Tolerance is a diminished response to opioid action and occurs within hours to days or weeks. Tolerance may represent an uncoupling of the usual drug-receptor effect. It may result from downregulation of the number of receptors and/or their affinity for agonists or an uncoupling between the receptor and intracellular second messengers via increases in adenyl cyclase activity. Tolerance may also develop as a result of other compensatory cellular responses to the presence of continuous opioid action that result in the restoration of cAMP homeostasis. 67  The level of expression of m-opioid receptor mRNA is not static, and its regulation by protein kinase C activation, with subsequent phosphorylation of opioid receptor protein, contributes to alterations in responsiveness to opioid agents in long-term opioid use. 68  Interestingly, there is little cross-tolerance between most receptor subtypes. In addition, the most potent opioid agonists with the largest receptor reserve, such as sufentanil, appear to be least prone to producing tolerance. 69  Tolerance is surmountable by increasing dose, at least initially.

Receptorology has also helped delineate, through receptor pharmacokinetic studies, how certain drugs can have a duration of action that extends well beyond what the plasma half-life would predict. For example, buprenorphine‘s dissociation from the m-receptor is much slower than fentanyl‘s and does not parallel plasma concentrations. 70  The high affinity of buprenorphine for m-receptors also accounts for the difficulty of reversing its effects with naloxone.

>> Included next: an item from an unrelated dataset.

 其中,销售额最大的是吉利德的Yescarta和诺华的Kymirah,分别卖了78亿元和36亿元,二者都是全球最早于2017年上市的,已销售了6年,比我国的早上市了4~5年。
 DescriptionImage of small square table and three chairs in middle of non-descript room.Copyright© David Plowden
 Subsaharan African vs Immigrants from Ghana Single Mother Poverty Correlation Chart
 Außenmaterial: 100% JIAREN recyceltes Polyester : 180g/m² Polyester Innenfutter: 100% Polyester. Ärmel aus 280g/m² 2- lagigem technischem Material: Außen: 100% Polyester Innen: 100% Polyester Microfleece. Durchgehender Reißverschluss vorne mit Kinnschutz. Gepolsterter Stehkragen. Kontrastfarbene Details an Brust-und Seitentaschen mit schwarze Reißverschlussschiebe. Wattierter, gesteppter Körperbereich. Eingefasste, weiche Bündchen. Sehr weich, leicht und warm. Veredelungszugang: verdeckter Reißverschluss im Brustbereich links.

Other pharmacologic phenomena have been explained by radioligand-receptor studies. The concentration and proportion of the receptor subtypes can change with time. For example, m1 -receptors increase in number and concentration as newborn mice grow and thus provide more analgesia after a similar dose of an opioid agonist. 71  A marked and widespread disappearance of m- and d-receptors has been shown to occur in the aging brain. 72  Interestingly, the opposite occurs with benzodiazepine receptors during aging, a finding indicating that these effects are specific and are not representative of a general phenomenon.

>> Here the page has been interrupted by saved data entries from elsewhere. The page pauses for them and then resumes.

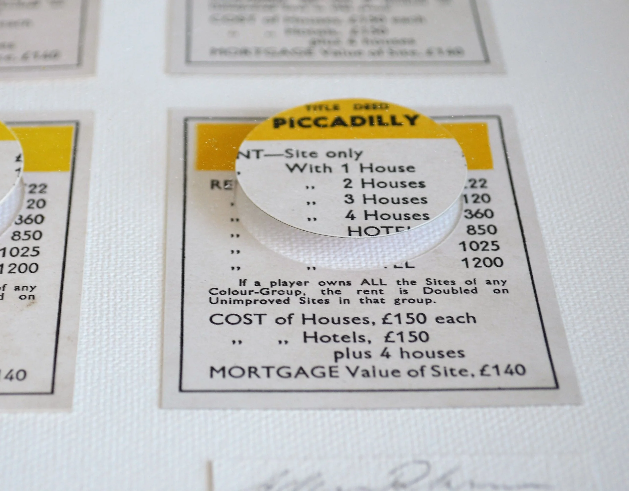Evoking a sense of nostalgia, these cards have been sourced from British Monopoly sets ranging from the 1930’s to the 60’s. Variations in colour tones between the cards indicate differing ink suppliers and manufacturing processes throughout the years of production.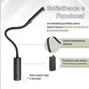 Kit 3 Arandela Leitura Quarto Led Interruptor Preto Movel Bet67 A arandela de leitura combina funcionalidade e elegância em um design compacto e versátil. Com lente difusa, ela oferece uma iluminação suave e homogênea, perfeita para leitura ou atividades que exigem concentração, sem causar ofuscamento. A haste flexível adiciona praticidade, permitindo o ajuste da direção da luz no ponto da sua preferência.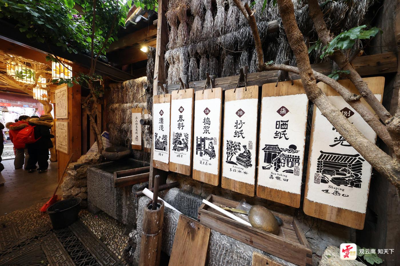 麗江古城內(nèi)以東巴文化體驗(yàn)為亮點(diǎn)的“東巴紙坊”吸引著許多中外游客。在這里,游客們可以體驗(yàn)到搗漿、抄紙、曬紙等東巴紙制作工藝,還能拿起東巴象形文字印章集章打卡。如果你好奇某個(gè)象形文字的含義,還能在這里買到一本東巴文“字典”,一一對(duì)照查看?!跋啾韧辏衲甓嗔瞬簧賮碜孕录悠?、馬來西亞的游客,東巴紙燈、明信片都是很受他們喜愛的產(chǎn)品?!睎|巴紙坊麗江銷售人員韓雨辰說。
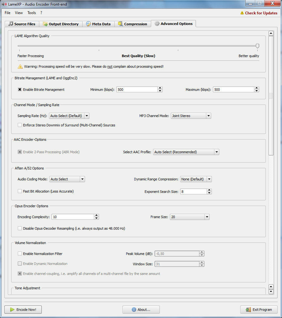 po nějakých pokusech o převody narážím na jeden malý problém. Nemůžu dosáhnout kvality 320 kbps. Pořád se to pohybuje kolem 316, 317, 318 kbps. Přikládám obrázek s mým nastavením programu LameXP. Mohu toto nastavení nějak vylepšit?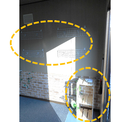 アイアンラティスには可愛いサボテンやリースを飾りました。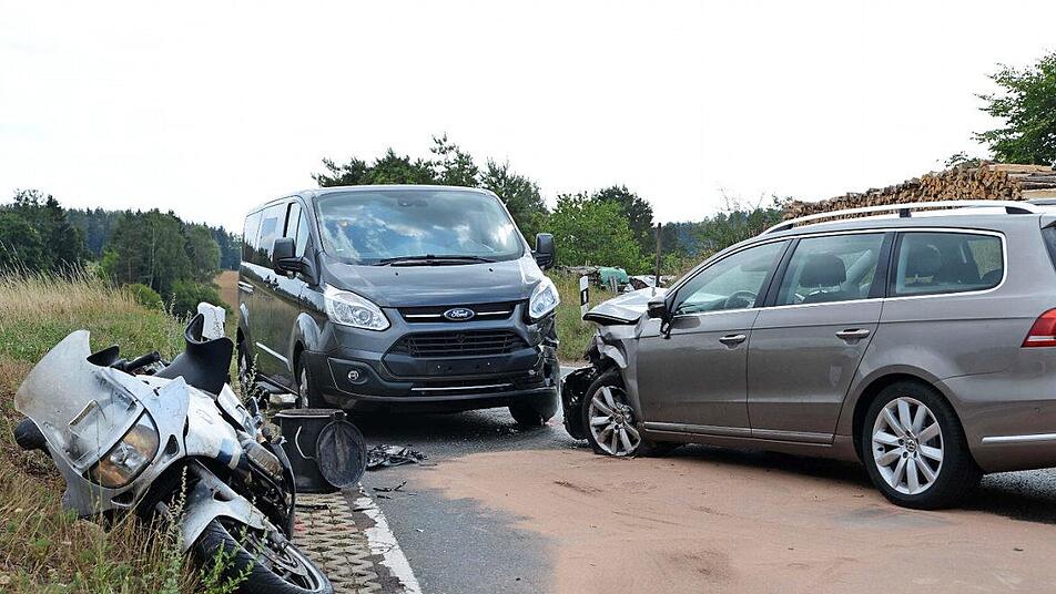 Zu einem schweren Verkehrsunfall kam es am Mittwochnachmittag gegen 14 Uhr auf der Verbindungsstraße zwischen Burgkunstadt und Stadelhofen. Ein 46-jähriger Motorradfahrer aus dem Kreis Bamberg war auf der kurvenreichen Strecke in Richtung Kleinziegenfeld unterwegs, als er rund 500 Meter vor dem Ortseingang von Kleinziegenfeld zum Überholen eines Transporters ansetzte. Dabei übersah er jedoch den sich nähernden Gegenverkehr. Beim Wiedereinscheren touchierte er einen entgegenkommenden VW Passat. Aufgrund des Zusammenstoßes stürzte der Kradfahrer und wurde dabei schwer verletzt. Die vier Insassen des Passat wurden leicht verletzt, als der Passat infolge der Kollision mit einem Ford-Kleintransporter zusammenstieß. Die Fahrerin des Ford wurde ebenfalls leicht verletzt. Die Polizei schätzt den Schaden an den drei Fahrzeugen auf 50 000 Euro. Foto: Frank Spitzenpfeil

The presence of opioid receptors in other areas of the CNS (e.g., basal ganglia, limbic area, cerebral cortex) suggests other roles for the endogenous opiates and their receptors. The cardiovascular system possesses opioid receptors that have been documented by radioligand studies to exist in the heart, the cardiac branches of the vagus and sympathetic nerves, the central cardiovascular regulatory centers, and the adrenal medulla. 73  Receptor-mediated opioid effects, as discussed later, indicate potential roles for and implications of opioids in shock, myocardial ischemia, ischemic preconditioning, and other cardiovascular events.